START Recorded information
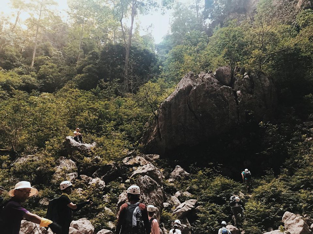 Với mình, trong chuyến hành trình đó thì Kong Collapse là điểm dừng chân mình yêu thích nhất vì có chỗ tắm ngay cạnh chỗ cắm trại. Trong lúc đợi các anh Porter dựng lều và chuẩn bị bữa tối thì mình cùng các anh chị trong đoàn quây quần để nghe bố Steven kể về Kong Collapse, vì tiếng Anh không giỏi nên vừa nghe vừa nhìn theo miêu tả bằng hình thể của bố, đoán rằng bố đang miêu tả về độ dài từ trên đỉnh phía trên xuống tới dưới này.
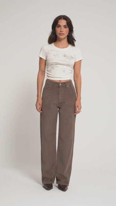 Kadın Pastel Kahve Doris 29w5-140 Straight Fit Yüksek Bel Kalın Fitilli Velvet Kadife Kumaş Pantolon
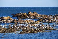岩礁のカモメと太平洋
END Recorded information
Return the listing above in full and without alteration, excluding its pictures.

 Với mình, trong chuyến hành trình đó thì Kong Collapse là điểm dừng chân mình yêu thích nhất vì có chỗ tắm ngay cạnh chỗ cắm trại. Trong lúc đợi các anh Porter dựng lều và chuẩn bị bữa tối thì mình cùng các anh chị trong đoàn quây quần để nghe bố Steven kể về Kong Collapse, vì tiếng Anh không giỏi nên vừa nghe vừa nhìn theo miêu tả bằng hình thể của bố, đoán rằng bố đang miêu tả về độ dài từ trên đỉnh phía trên xuống tới dưới này.
 Kadın Pastel Kahve Doris 29w5-140 Straight Fit Yüksek Bel Kalın Fitilli Velvet Kadife Kumaş Pantolon
岩礁のカモメと太平洋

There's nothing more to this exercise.